At the age of 60, when many individuals are considering retirement, Jack O’Neill was only just beginning his distinguished career as an advocate for and defender of human rights. At the age of 68, he was appointed Chief Commissioner of the Alberta Human Rights Commission, and led the submission of a ground-breaking report that recommended banning discrimination based on sexual orientation.

His great passion for equality drove him to co-chair the 1998 International Conference on Human Rights. His work as a founding member of the John Humphrey Centre for Peace & Human Rights and with the Glenrose Rehabilitation Hospital Foundation are testaments to his commitment to sharing his life with others.

As time went on, he served on a wide variety of Boards and Commissions, sharing his considerable expertise and providing an exemplary role model for older adults. His body of work exemplifies the assertion that outstanding achievement and contribution need not be impacted by age.


Clarence Hirsch joined the Alberta Senior Citizen Sports and Recreation Association (ASCSRA) and Edmonton Seniors Slo-Pitch Association (ESSPA) shortly after they were formed in the mid-1980s, and quickly became a driving force for both organizations, taking a leadership role in organizing sporting leagues and events; sitting as a member of ESSPA’s executive for almost 20 years; and working to establish the Alberta 55 Plus Winter Games.

Over the years, he has been a team participant, coach, manager, and event planner for many sports, although softball remains his first love.

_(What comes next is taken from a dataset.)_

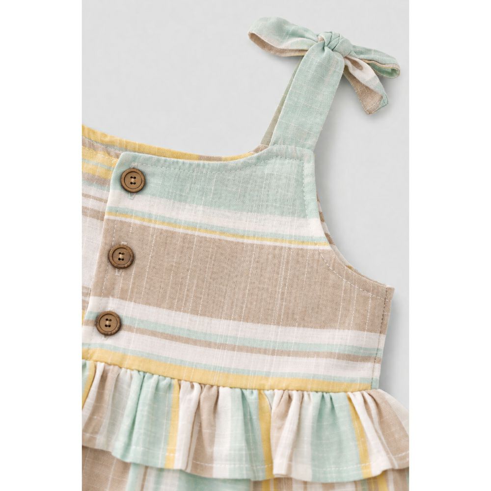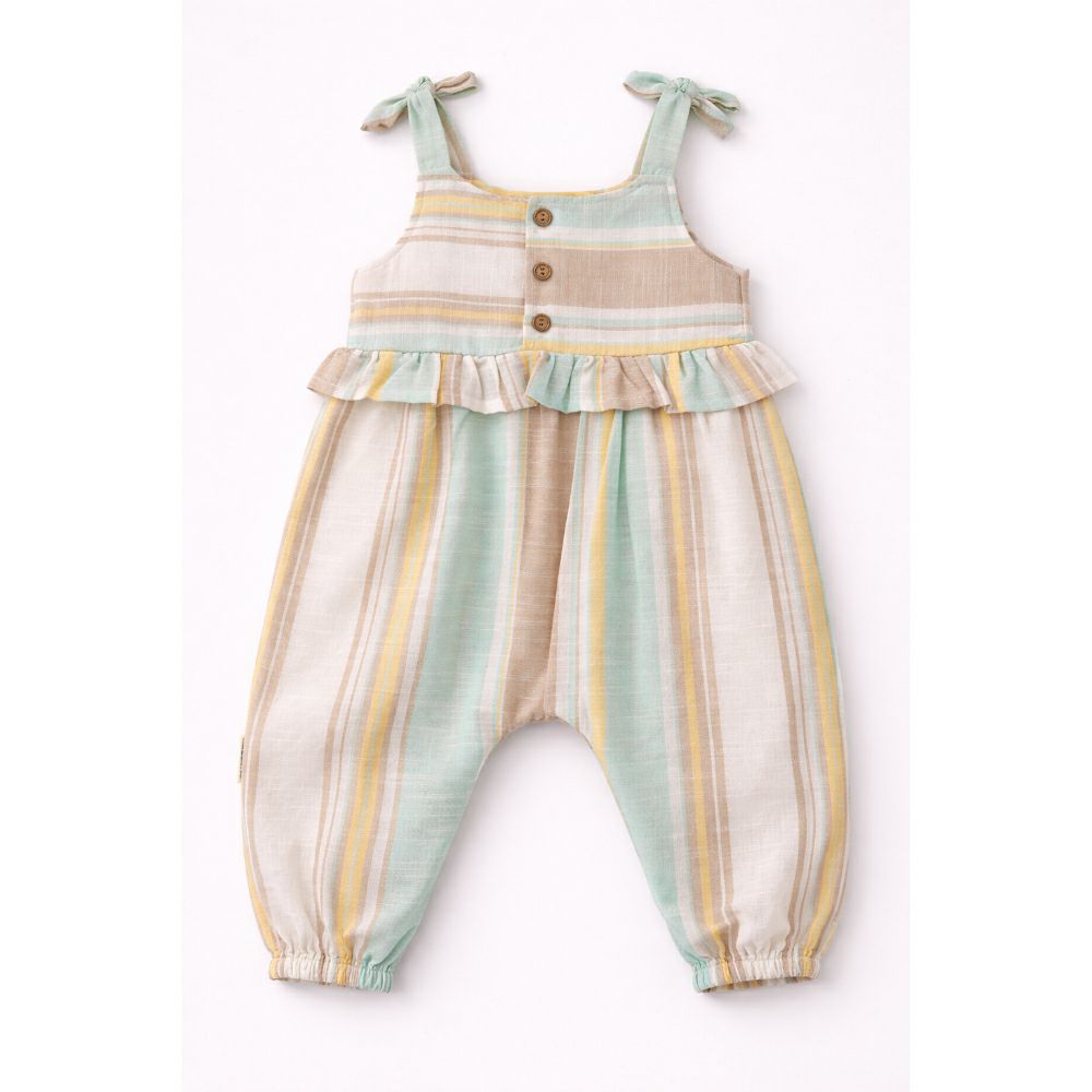 - Лесен и разигран бебешки комбинезон со пастелни линии. Совршен за летни денови и максимална удобност.

While he is no longer a playing member, he continues to contribute wherever he can: a recent tribute to Mr. Hirsch published in The Grapevine describes him as “unassuming and hardworking,” two characteristics that are certainly in line with his own assertion that “community service for the well-being of all” has been a theme of his life.


Bev Halisky launched Driving Miss Daisy in St. Albert in 2002. From its inception, the company has worked to counteract social isolation, and to provide opportunities for independence and improved quality of life for seniors and people living with disabilities.

Ms. Halisky quickly became an avenue of independence and companionship for her clients, and has remained fiercely loyal and dedicated to them, passing her commitment on to the 45 franchises currently operating 76 vehicles in British Columbia, Alberta, Saskatchewan, and Ontario, for whom she is a constant resource and mentor.

Bev Halisky’s work is a reminder that with a dream and a vision, success can be found: she is the epitome of a senior who inspires, empowers, and engages others in making our community, province, and nation a better place for our seniors and for those with disabilities.